Employment

The Hon. D.W. RIDGWAY (Leader of the Opposition) ( 14:27 ): I seek leave to make a brief explanation before asking the Minister for Employment a question about employment.

Leave granted.

The Hon. D.W. RIDGWAY: As part of the 2010 election campaign, the then premier (Mike Rann) made a promise on behalf of the Labor Party and members opposite that they would deliver an extra 100,000 jobs in South Australia by 2016. As the minister will no doubt be aware, this Sunday marks the sixth anniversary of that promise, and, of course, as all members would know, we are in 2016.

Comparing the latest ABS statistics released last Thursday, there have only been 9,230 jobs created, in seasonally adjusted terms, over the period that Labor promised to create an extra 100,000 jobs—less than one-tenth of those promised. With respect to full-time jobs, South Australia has actually lost (and I think this is important, Mr President ) 12,340 jobs—more than 12,000 fewer South Australians in meaningful full-time employment which allows them to support their families and enjoy a quality of life that we all enjoy—over that same period. My questions are:

1.Does the minister think it is acceptable that there are over 12,000 fewer South Australians in full-time work now than at the time the Labor government promised to create an extra 100,000 jobs?

2.Given the Premier's remark that all cabinet ministers are responsible for job creation, will the minister concede that the Labor government has collectively failed to deliver on its promise to create an extra 100,000 jobs?

3.How will the government change its approach to supporting job creation given its abject failure to do so over the past 14 years?

The Hon. K.J. MAHER (Minister for Employment, Minister for Aboriginal Affairs and Reconciliation, Minister for Manufacturing and Innovation, Minister for Automotive Transformation, Minister for Science and Information Economy) ( 14:28 ): I thank the honourable member for his question. I think it is a good thing to have aspirational targets to aim for. I think the world is a very different place—

The Hon. D.W. Ridgway interjecting:

The PRESIDENT: Order! Allow the minister to answer your question.

The Hon. K.J. MAHER: The world is a very, very different place from six years ago. In that time, just over two years ago, the Hon. David Ridgway's mates in the federal government decided to withdraw funding for the automotive industry. It is a bit rich for him to march in here and ask questions about jobs in South Australia when he has done nothing—absolute silence about his federal mates' decision deliberately to chase the automotive industry out of this state. We know that is already starting to have an effect, and it will have further effects as Holden winds down towards the end of 2017.

Other things have happened. World commodity prices—and I am not blaming the federal Liberal government for that—have had a significant impact on job targets right around Australia. We can look at other things this federal Liberal government has done. The $80 billion worth of cuts over the next 10 years in health and education will certainly have an effect on jobs. There are many, many things that have changed in the last six years, and a number of them have been directly as a result of the decisions of the Hon. David Ridgway's federal Liberal mates.

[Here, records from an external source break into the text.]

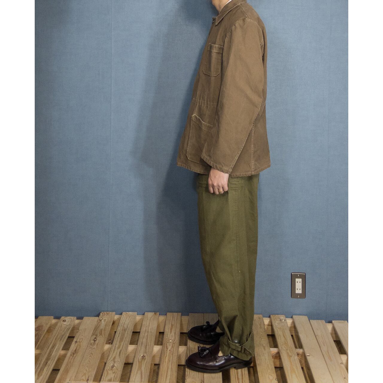 こちらは1940-50年代頃のフランス製ブラウンコットンツイルワークジャケットになります。
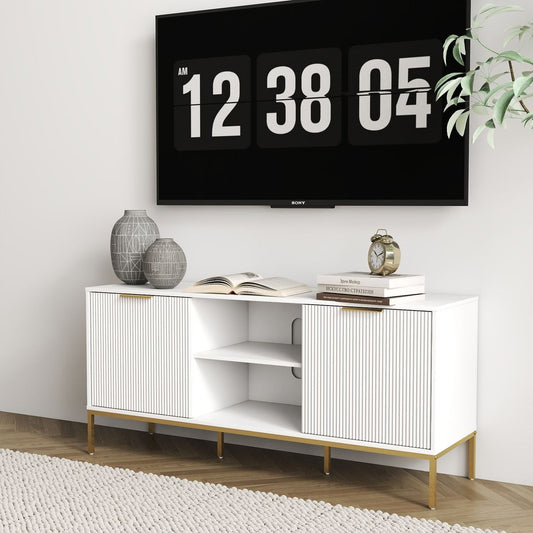 Modern TV Stand with Wave-Design Doors, Open Shelf & Adjustable Shelf - Stylish and Functional for Your Living Room
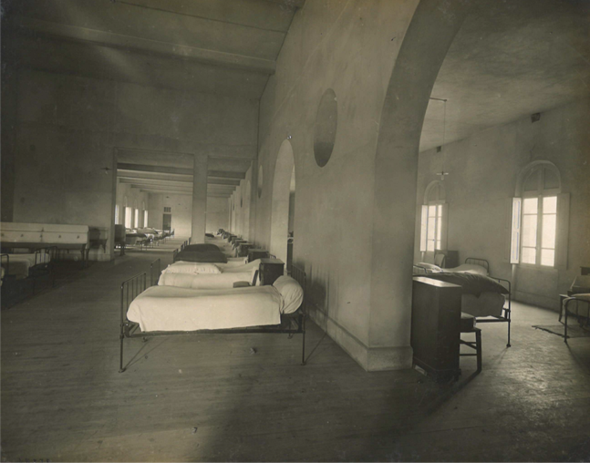 En montant l’escalier jusqu’au 2eme étage, nous arrivions aux dortoirs, précédés du hall dans lequel des rangées de casiers à chaussures nous permettaient d’entrer dans les dortoirs en pantoufles. Ces dortoirs étaient quittés le matin à 6h30 fenêtres ouvertes et lits ouverts. Nous y remontions à midi pour faire nos lits et fermer les fenêtres. Ils n’étaient pas chauffés. Je me souviens de février 56 durant lequel il fit très froid (-15° à -20° pendant 3 semaines). Le matin au réveil, nos gants de toilette étaient gelés et très vite, seul le dortoir des terminales resta utilisable pour la toilette, tous les autres lavabos étaient inutilisables pour cause de gel. En face de l’escalier, le dortoir de la 2eme division, grand dortoir d’une centaine de lits qui occupait toute l’aile droite. Sur la gauche, le dortoir des terminales qui occupait un tiers du bâtiment central et à gauche au milieu du couloir le dortoir de la 1ere division, abritant une cinquantaine de lits qui occupait le reste de l’étage. Dans chaque dortoir, une ou deux rangées de lavabos (auge en zinc dans laquelle un certain nombre de jets coulaient pendant le temps de la toilette).
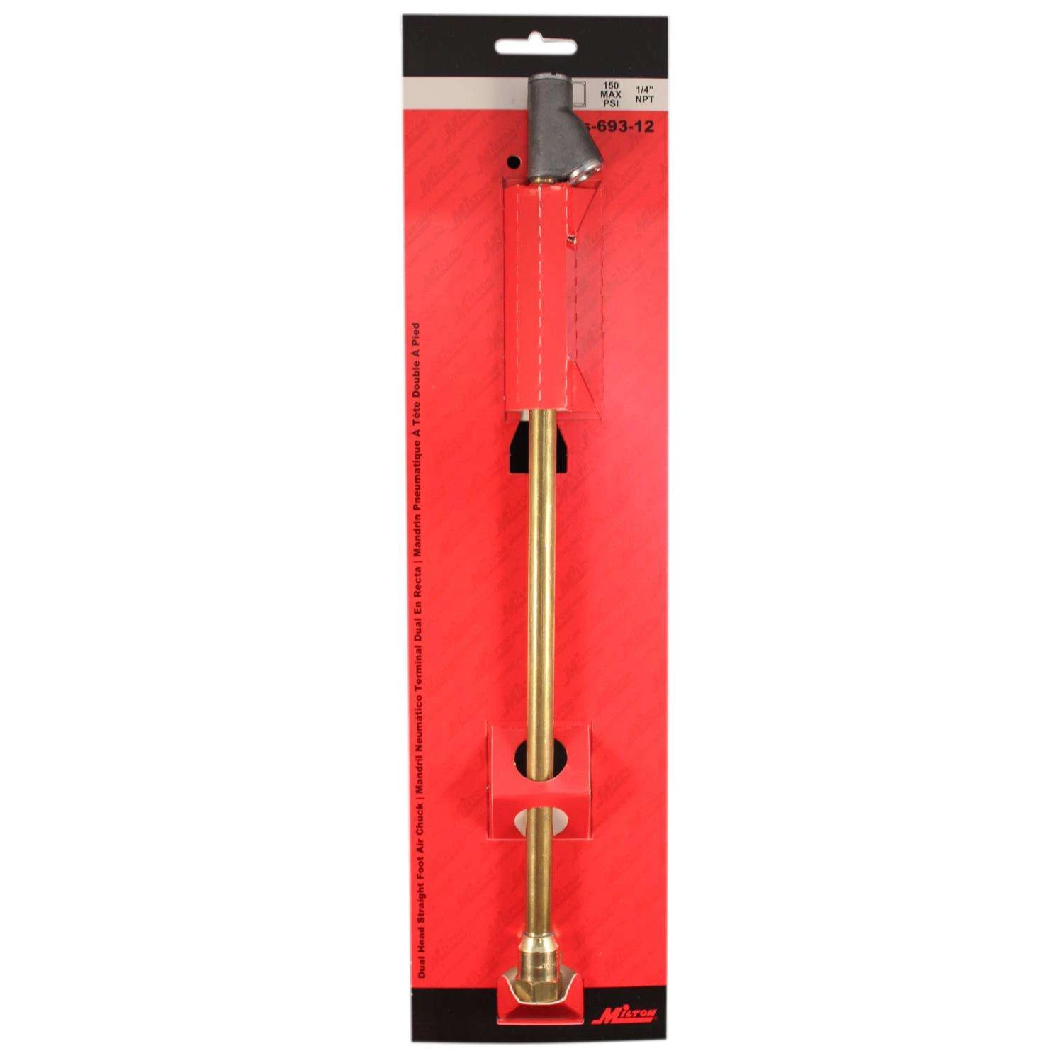 Extended reach dual head straight foot air chuck for inner duals has is designed and manufactured to exacting standards. The extra reach of 12 inch is great for inflating the inner duals. Sealing type chuck is closed and is for use on an airline. With a cushioned grip handle, this air chuck also locks onto tire valve thread. Not for use with an inflator gage. Both ends lock on valve core threads These are not for use with an inflator/ pressure gauge Durable construction
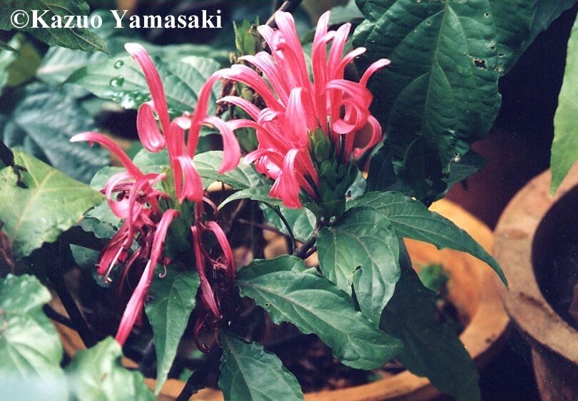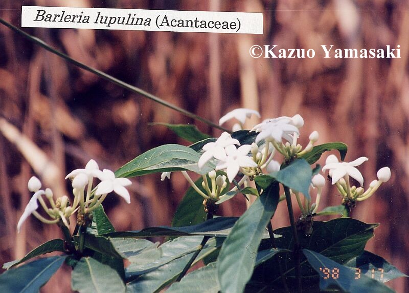 Image by Botanical Image Database (Basel) Andrographis paniculata - Image from Yamasaki Lab. Plant Photo Gallery, from Chiang Mai, Thailand (branch in flower) Andrographis paniculata - Image from Yamasaki Lab. Plant Photo Gallery, from Los Banos, Philippines (inflorescence) Barleria lupulina - Image from Yamasaki Lab. Plant Photo Gallery, from Chiang Mai, Thailand (branch in flower) Barleria prionites - Image from Yamasaki Lab. Plant Photo Gallery, from Hatyai, Thailand (branch in flower) Barleria saxatilis - Cultivated, at Kirstenbosch Botanical Garden/Cape Town (whole plants) Barleria saxatilis - Cultivated, at Kirstenbosch Botanical Garden/Cape Town (branch in flower) Barleria saxatilis - Cultivated, at Kirstenbosch Botanical Garden/Cape Town (flower) Clinacanthus nutans - Image from Yamasaki Lab. Plant Photo Gallery, from Chantaburi, Thailand (whole plants) Clinacanthus siamensis - Image from Yamasaki Lab. Plant Photo Gallery, from Kohn Kaen, Thailand (branch in flower) Dianthera candicans - Image from Yamasaki Lab. Plant Photo Gallery, from Hiroshima, Japan (branch in flower) Dianthera colorata - Image from Yamasaki Lab. Plant Photo Gallery, from Hiroshima, Japan (branch in flower) Eranthemum nervosum - Image from Yamasaki Lab. Plant Photo Gallery, from Hiroshima, Japan (flowers) Justicia carnea - Image from Yamasaki Lab. Plant Photo Gallery, from Kunming, China (inflorescence) Justicia carnea - Image from Yamasaki Lab. Plant Photo Gallery, from Hiroshima, Japan (inflorescence) Megaskepasma erythrochlamys - Cultivated (whole plant) Megaskepasma erythrochlamys - Cultivated (flower) Pachystachys lutea - Cultivated, at Greifswald Botanical Garden, Germany (whole plant) Pachystachys lutea - Cultivated, at Greifswald Botanical Garden, Germany (inflorescence) Pachystachys lutea - Cultivated, at Greifswald Botanical Garden, Germany (flower) Porphyrocoma lanceolata - Cultivated, at Greifswald Botanical Garden, Germany (whole plant) Razisea spicata - Native, from Monteverde National Park, Costa Rica (inflorescence) Rhinacanthus nasutus - Image from Yamasaki Lab. Plant Photo Gallery, from Chantaburi, Thailand (whole plant) Shaueria calycotricha - Image from Yamasaki Lab. Plant Photo Gallery, from Hiroshima, Japan (inflorescence) Thunbergia laurifolia - Cultivated (flower) Thunbergia vogeliana - Image from Yamasaki Lab. Plant Photo Gallery, from Hiroshima, Japan (branch in flower) |
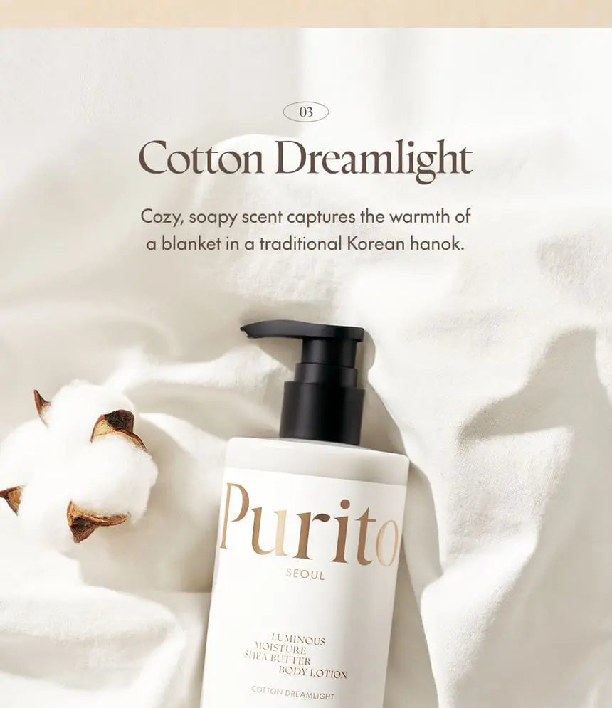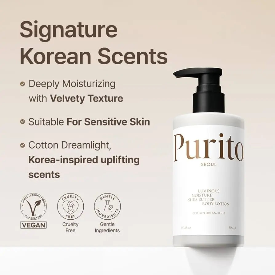 The Purito Luminous Moisture Shea Butter Body Lotion Cotton Dreamlight is pure indulgence for your skin and senses! This silky-soft body lotion is enriched with deeply nourishing shea butter, Jeju starflower extract, and camellia seed oil, a powerful blend that hydrates your skin and leaves it feeling soft and smooth.
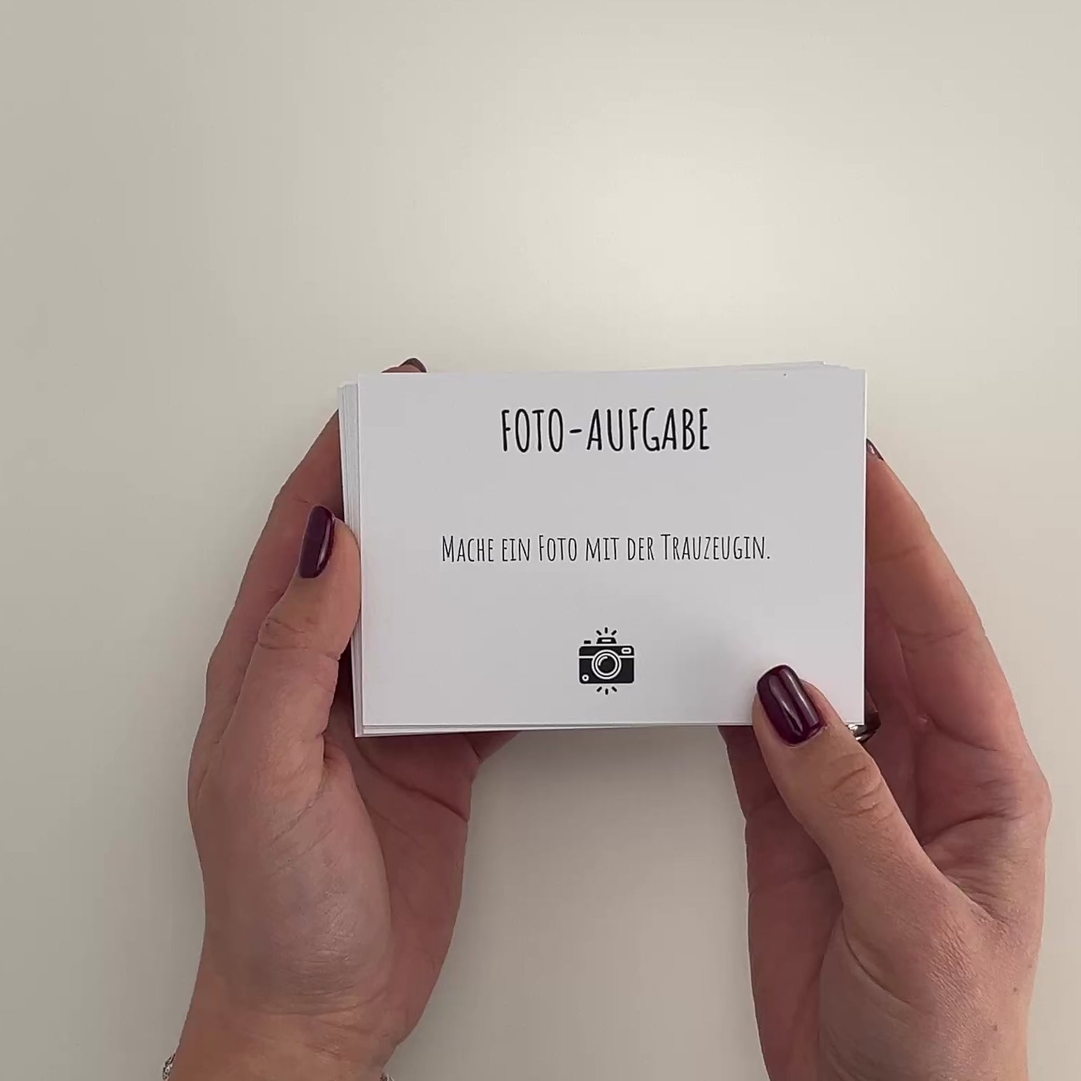 Verleihe deiner Hochzeit das gewisse Etwas! Unsere hochwertigen Fotoaufgaben sorgen für Spaß, einzigartige Erinnerungen und unvergessliche Momente. Mit insgesamt 100 Karten – darunter 90 kreative Aufgaben und 10 individuell gestaltbare DIY-Karten – wird dieses Partyspiel zum Highlight für alle Gäste.
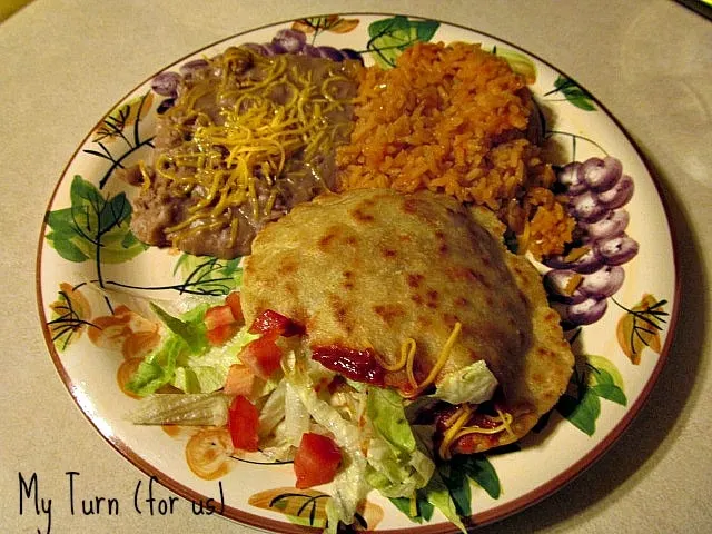 Add shredded lettuce and chopped tomato. Serve with Mexican Rice and refried beans.
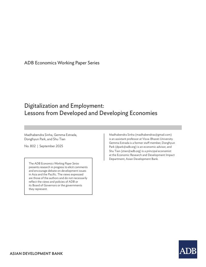 ADB亚洲开发银行:数字化与就业:发达经济体和发展中经济体的经验教训(英文版).pdf
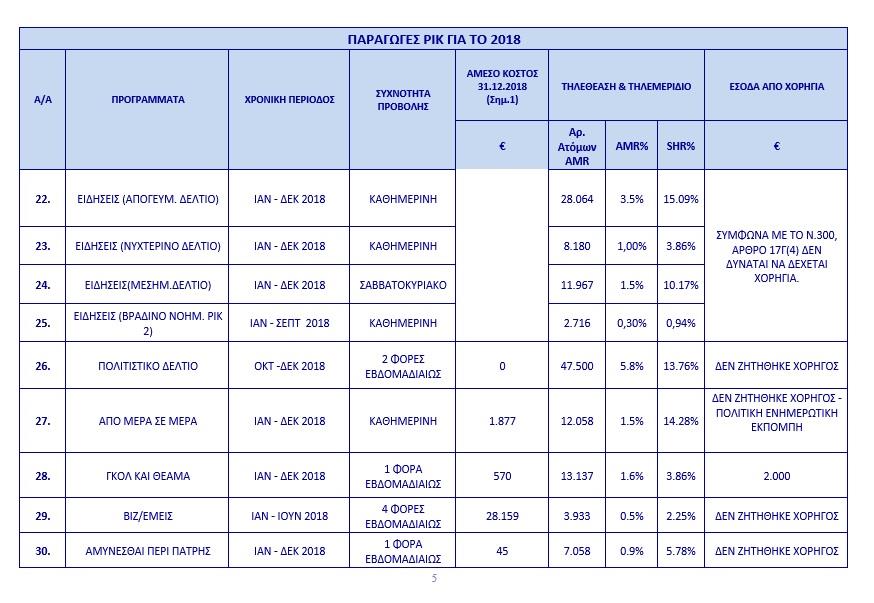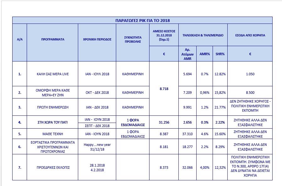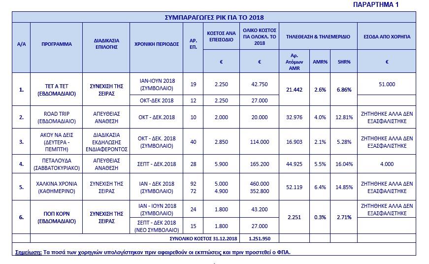 Τόσα στοίχισε η κάθε παραγωγή του ΡΙΚ για το 2018!

The prevarication around the ongoing future of shipbuilding in South Australia is another thing that he could do something about but chooses not to. The promise for 12 submarines to be built in South Australia, which would allow for continuous refurbishment, will do a great thing for jobs in this state.

I do note that it was pleasing in the last jobs figures to see the continual trend to lowering of unemployment in South Australia. Certainly, over the last financial year South Australia has recorded the biggest decline in unemployment of any state in Australia. It is a good start and we are heading in the right direction, but there is more that can be done. As we transition from an economy that has relied on manufacturing so heavily, there will be a changing nature of employment. We are prepared to back those industries that have a desire and a capacity to grow, and that's just what we are doing.